Top of INPUT
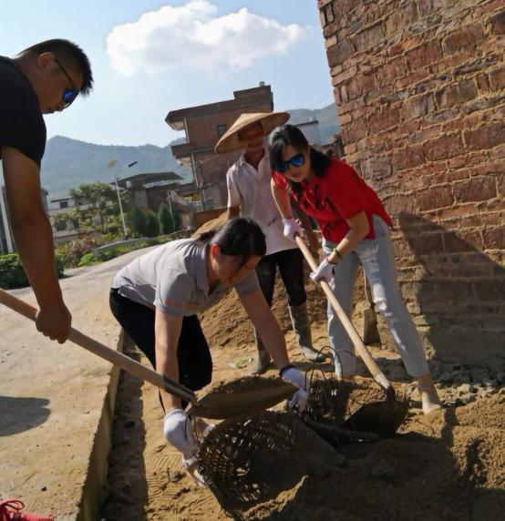 勞動(dòng)的人群中有幾個(gè)熟悉的身影特別打眼,頭戴一頂草帽的董事長(zhǎng)王建華,全然沒(méi)有城里人對(duì)農(nóng)事的陌生,只見(jiàn)他熟練地挑起一擔(dān)卵石,扁擔(dān)都被這一挑沉重的卵石壓彎了腰,但他健步如飛、體態(tài)輕盈;身穿紅色T恤衫的李晶副總,全然不顧已經(jīng)疼了幾個(gè)月的手臂,抬起一筐河沙就走;李詠琴副總也不示弱,將剛剛還暈車的不適拋到腦后,毫不顧忌炎炎烈日對(duì)肌膚的傷害,在烈日下?lián)]鏟、運(yùn)砂......
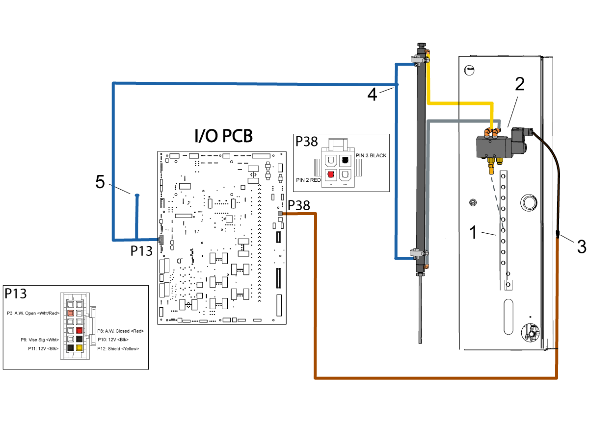 Splitter cable 33-1144 [3] connects to P38 on the IOPCB and to the solenoid's connector.
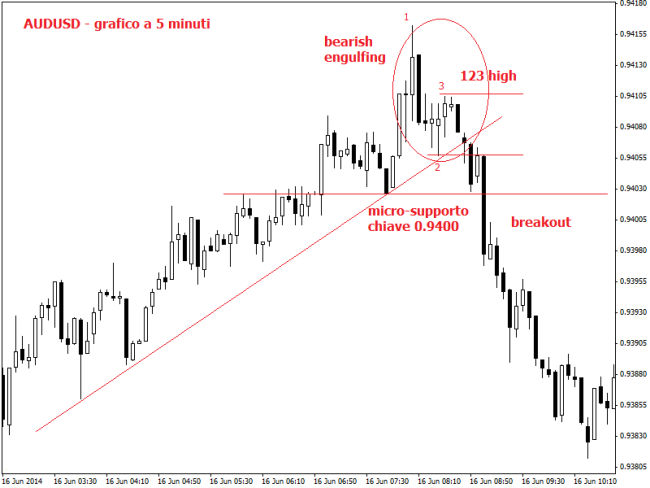 Pochi minuti più tardi si concretizza un ulteriore segnale ribassista, ovvero il pattern 123 high di Joe Ross. I segnali multipli consentono di aumentare le probabilità di successo della transazione short, che inizierà a dare i primi frutti dopo il breakout esplosivo del fondamentale micro-supporto di 0,94. Nel corso della giornata l’Aussie resterà sotto il tiro dei venditori, offrendo allo scalper una buona opportunità di profitto a fronte di un rischio iniziale decisamente contenuto.
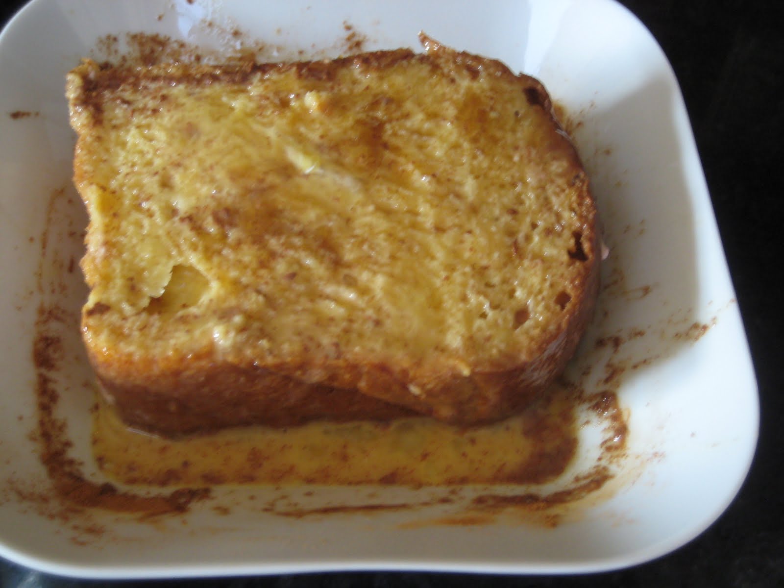 Step 3: In a skillet or griddle, melt the butter slowly over medium heat. While the butter is melting mix together the eggs, milk, cinnamon and vanilla in a bowl or shallow dish large enough for the entire slice to fit into.
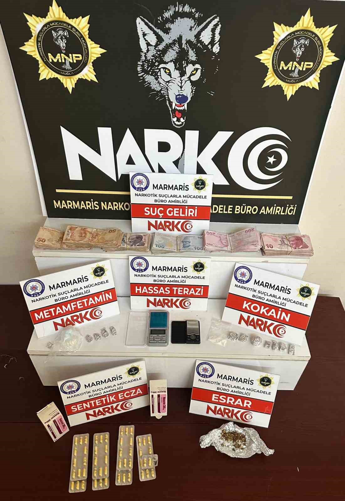 Marmaris Cumhuriyet Başsavcılığı koordinesinde Muğla Narkotik Suçlarla Mücadele Şube Müdürlüğüne bağlı Marmaris şube amirliği ekipleri tarafından gerçekleştirilen operasyon kapsamında şüphelilerin kaldığı otel odası ve araçlarında arama yapıldı. 21 Kasım tarihinde yapılan operasyonla 3 kişi gözaltına alınarak emniyet merkezine getirildi. Yapılan aramalarda, 13 gram metamfetamin, 14 gram kokain, 72 adet sentetik ecza, 3.4 gram esrar, 2 hassas terazi ile 27 bin 110 TL, 100 dolar, 115 pound ve 20 euro suçtan elde edildiği değerlendirilen para ele geçirildi. Marmaris’e ziyaret amaçlı geldikleri değerlendirilen şüpheli şahıslar emniyetteki gözaltı işlemlerinin tamamlanmasının ardından Marmaris Adliyesi’nde hakim karşısına çıkarıldı. İkisi kadın 3 şüpheli hakkında uyuşturucu ticareti suçundan adli işlem yapılırken, şüpheliler tutuklanarak cezaevine gönderildi.
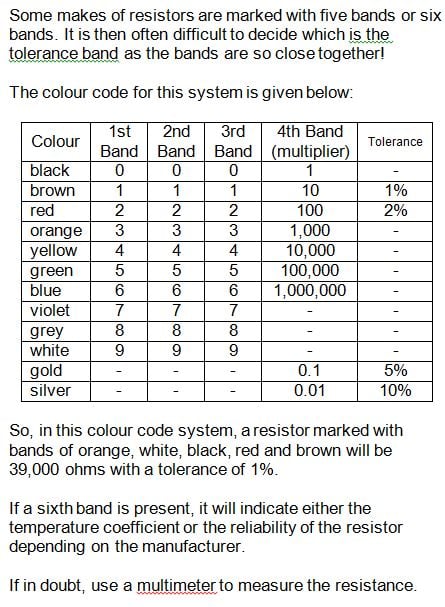 Resistors supplied in kits from Irby Electronics use the 3 band colour code. Other resistors use the 4 band colour code. Save time searching for a multimeter to measure the resistance of a resistor. Keep this A6 laminated card close by for reference. It is printed on ivory-coloured paper and has the 3 band colour code on one side and the 4 band colour code on the other side.
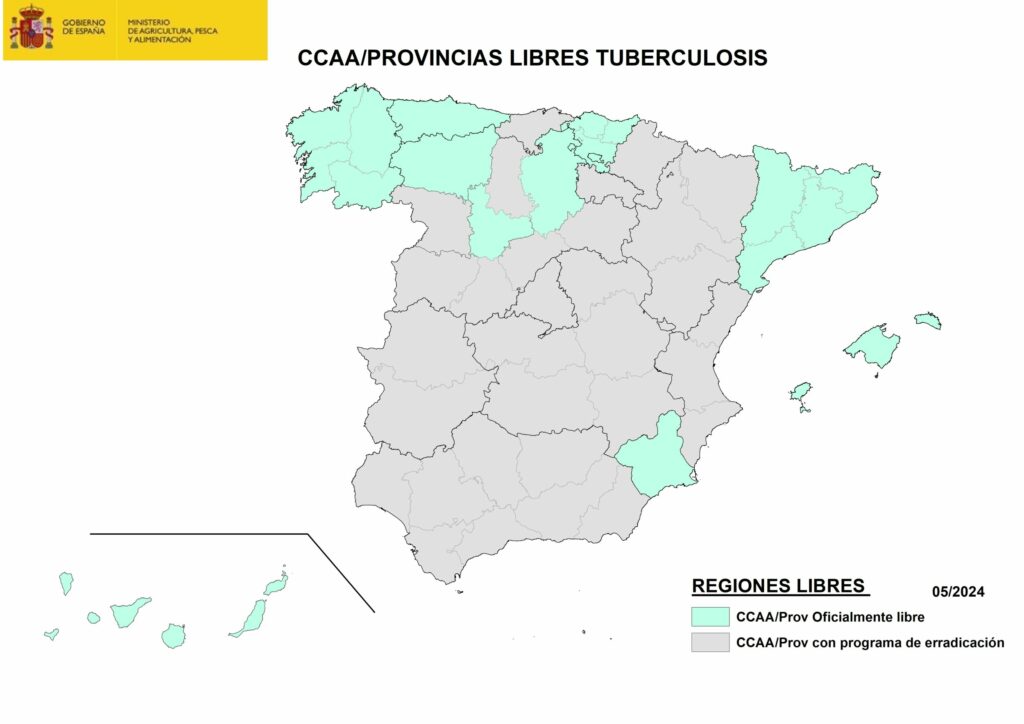 Como se aprecia en el segundo mapa adjunto, Palencia no es una de las provincias de España declarada el pasado año 2024 libre de tuberculosis bovina (al contrario que Burgos, León y Valladolid; en color turquesa), sino que sigue aplicándose el programa de erradicación (color gris).
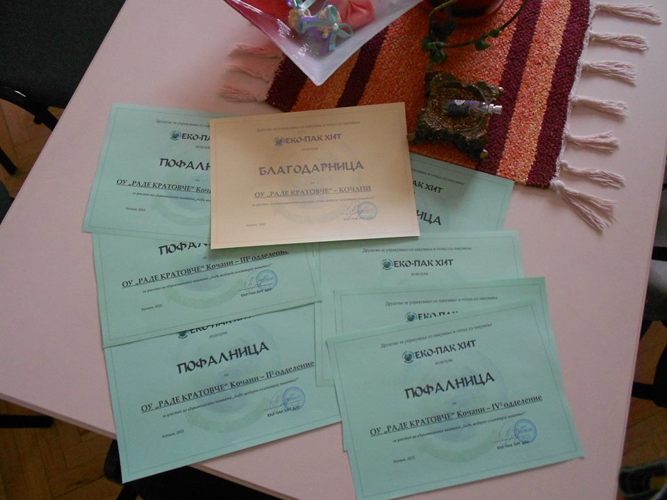 По спроведените работилници и акцијата за собирање на пластичен отпад, претставник од компанијата „Еко-Пак Хит“ од Кочани го посети ОУ „Раде Кратовче“ и на најуспешните одделенија во собирање на пластичен отпад им врачи донации. Беа доделени спортски реквизити - фудбалски топки, а сите ученици учесници во акцијата беа почестени со производи од компанијата Макпрогрес од Виница.
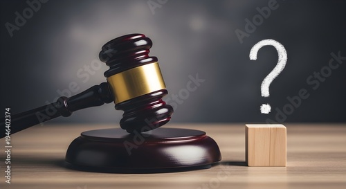 Gavel Next to Question Mark on Wooden Block Depicts Justice, Law, and Uncertainty
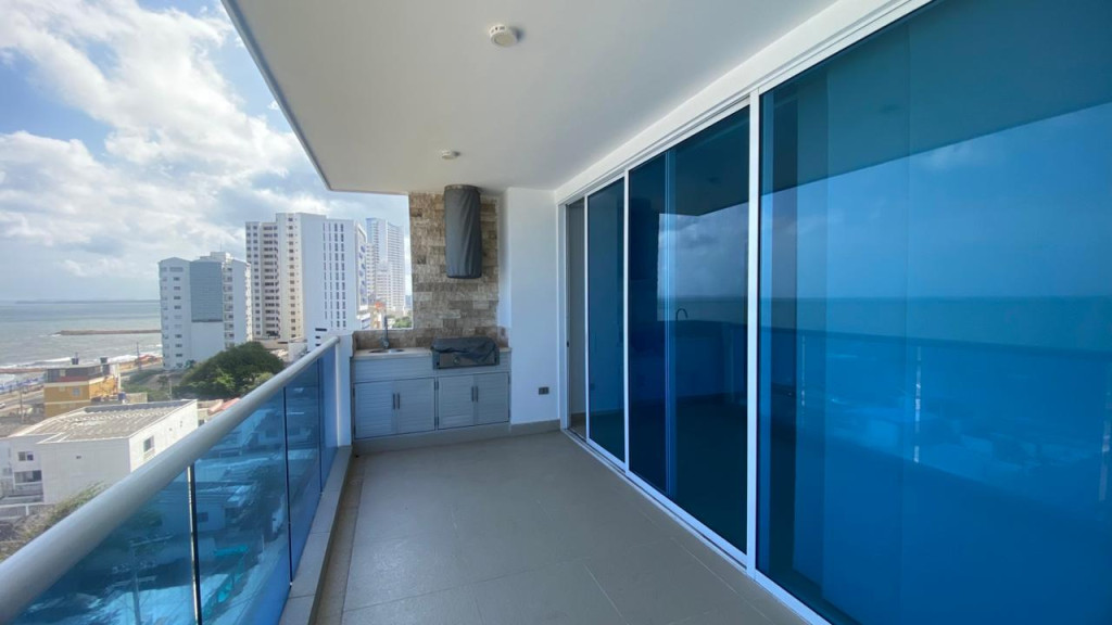 Apartamento en venta, ubicado en El Cabrero – Cartagena; el apartamento consta de 3 habitaciones, sala-comedor, aire acondicionado, 2 baños, Vestier, balcón con vista al mar y zona BBQ, cocina integral, zona de labores cubierta, dos parqueaderos cubiertos. A pocos metros del centro histórico, playas de marbella, restaurantes, almacenes de cadena, centros comerciales, a pocos minutos del aeropuerto Rafael Núñez; El edificio consta de 2 piscinas (adultos y niños), gimnasio equipado, salón social para eventos, zona de BBQ, baño turco, sauna, 4 jacuzzis, zona de juegos infantiles, ascensores (inquilinos y de mascotas), parqueadero cubierto, vigilancia privada las 24/7, circuito cerrado de TV.
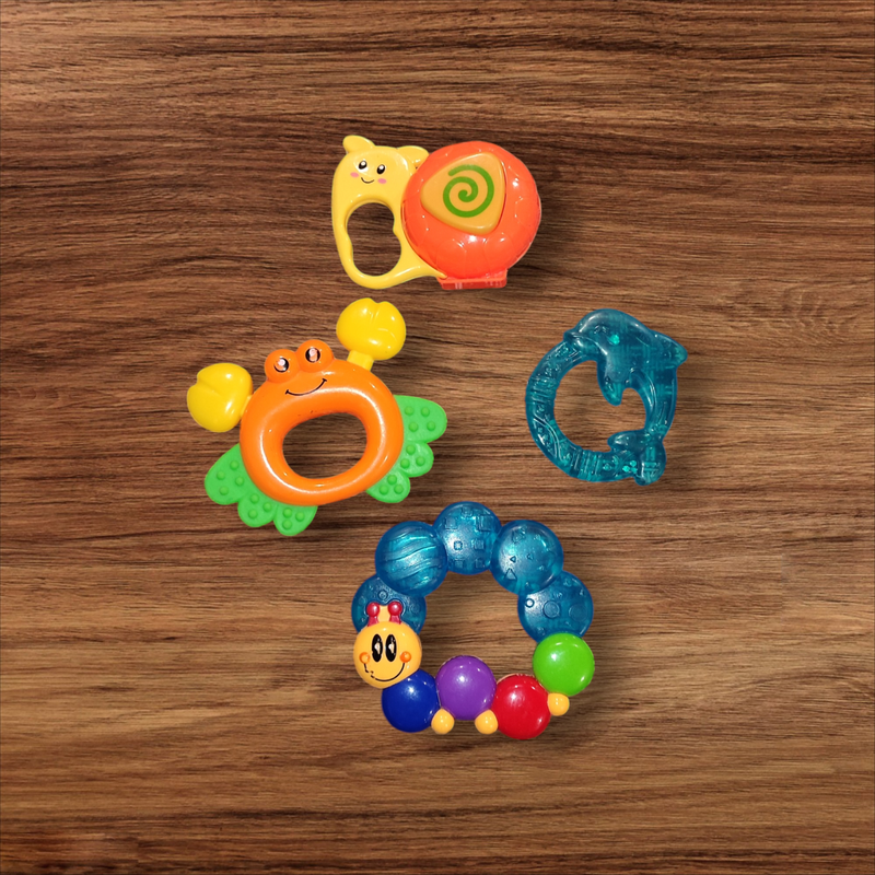 Дитячі іграшки для малюків Стан б/у, гарний на декількох іграшках зійшов малюнок трішки, але на експлуатацію не впливає . Також є дві іграшки з гризунком для прорізування зубчиків Всі питання будь ласка до покупки, повернення немає, оплата на картку!
Bottom of INPUT
*PROMPT*. Please reproduce the entries from above exactly; images are not part of the copy.

*REPLY*.
 勞動(dòng)的人群中有幾個(gè)熟悉的身影特別打眼,頭戴一頂草帽的董事長(zhǎng)王建華,全然沒(méi)有城里人對(duì)農(nóng)事的陌生,只見(jiàn)他熟練地挑起一擔(dān)卵石,扁擔(dān)都被這一挑沉重的卵石壓彎了腰,但他健步如飛、體態(tài)輕盈;身穿紅色T恤衫的李晶副總,全然不顧已經(jīng)疼了幾個(gè)月的手臂,抬起一筐河沙就走;李詠琴副總也不示弱,將剛剛還暈車的不適拋到腦后,毫不顧忌炎炎烈日對(duì)肌膚的傷害,在烈日下?lián)]鏟、運(yùn)砂......
 Splitter cable 33-1144 [3] connects to P38 on the IOPCB and to the solenoid's connector.
 Pochi minuti più tardi si concretizza un ulteriore segnale ribassista, ovvero il pattern 123 high di Joe Ross. I segnali multipli consentono di aumentare le probabilità di successo della transazione short, che inizierà a dare i primi frutti dopo il breakout esplosivo del fondamentale micro-supporto di 0,94. Nel corso della giornata l’Aussie resterà sotto il tiro dei venditori, offrendo allo scalper una buona opportunità di profitto a fronte di un rischio iniziale decisamente contenuto.
 Step 3: In a skillet or griddle, melt the butter slowly over medium heat. While the butter is melting mix together the eggs, milk, cinnamon and vanilla in a bowl or shallow dish large enough for the entire slice to fit into.
 Marmaris Cumhuriyet Başsavcılığı koordinesinde Muğla Narkotik Suçlarla Mücadele Şube Müdürlüğüne bağlı Marmaris şube amirliği ekipleri tarafından gerçekleştirilen operasyon kapsamında şüphelilerin kaldığı otel odası ve araçlarında arama yapıldı. 21 Kasım tarihinde yapılan operasyonla 3 kişi gözaltına alınarak emniyet merkezine getirildi. Yapılan aramalarda, 13 gram metamfetamin, 14 gram kokain, 72 adet sentetik ecza, 3.4 gram esrar, 2 hassas terazi ile 27 bin 110 TL, 100 dolar, 115 pound ve 20 euro suçtan elde edildiği değerlendirilen para ele geçirildi. Marmaris’e ziyaret amaçlı geldikleri değerlendirilen şüpheli şahıslar emniyetteki gözaltı işlemlerinin tamamlanmasının ardından Marmaris Adliyesi’nde hakim karşısına çıkarıldı. İkisi kadın 3 şüpheli hakkında uyuşturucu ticareti suçundan adli işlem yapılırken, şüpheliler tutuklanarak cezaevine gönderildi.
 Resistors supplied in kits from Irby Electronics use the 3 band colour code. Other resistors use the 4 band colour code. Save time searching for a multimeter to measure the resistance of a resistor. Keep this A6 laminated card close by for reference. It is printed on ivory-coloured paper and has the 3 band colour code on one side and the 4 band colour code on the other side.
 Como se aprecia en el segundo mapa adjunto, Palencia no es una de las provincias de España declarada el pasado año 2024 libre de tuberculosis bovina (al contrario que Burgos, León y Valladolid; en color turquesa), sino que sigue aplicándose el programa de erradicación (color gris).
 По спроведените работилници и акцијата за собирање на пластичен отпад, претставник од компанијата „Еко-Пак Хит“ од Кочани го посети ОУ „Раде Кратовче“ и на најуспешните одделенија во собирање на пластичен отпад им врачи донации. Беа доделени спортски реквизити - фудбалски топки, а сите ученици учесници во акцијата беа почестени со производи од компанијата Макпрогрес од Виница.
 Gavel Next to Question Mark on Wooden Block Depicts Justice, Law, and Uncertainty
 Apartamento en venta, ubicado en El Cabrero – Cartagena; el apartamento consta de 3 habitaciones, sala-comedor, aire acondicionado, 2 baños, Vestier, balcón con vista al mar y zona BBQ, cocina integral, zona de labores cubierta, dos parqueaderos cubiertos. A pocos metros del centro histórico, playas de marbella, restaurantes, almacenes de cadena, centros comerciales, a pocos minutos del aeropuerto Rafael Núñez; El edificio consta de 2 piscinas (adultos y niños), gimnasio equipado, salón social para eventos, zona de BBQ, baño turco, sauna, 4 jacuzzis, zona de juegos infantiles, ascensores (inquilinos y de mascotas), parqueadero cubierto, vigilancia privada las 24/7, circuito cerrado de TV.
 Дитячі іграшки для малюків Стан б/у, гарний на декількох іграшках зійшов малюнок трішки, але на експлуатацію не впливає . Також є дві іграшки з гризунком для прорізування зубчиків Всі питання будь ласка до покупки, повернення немає, оплата на картку!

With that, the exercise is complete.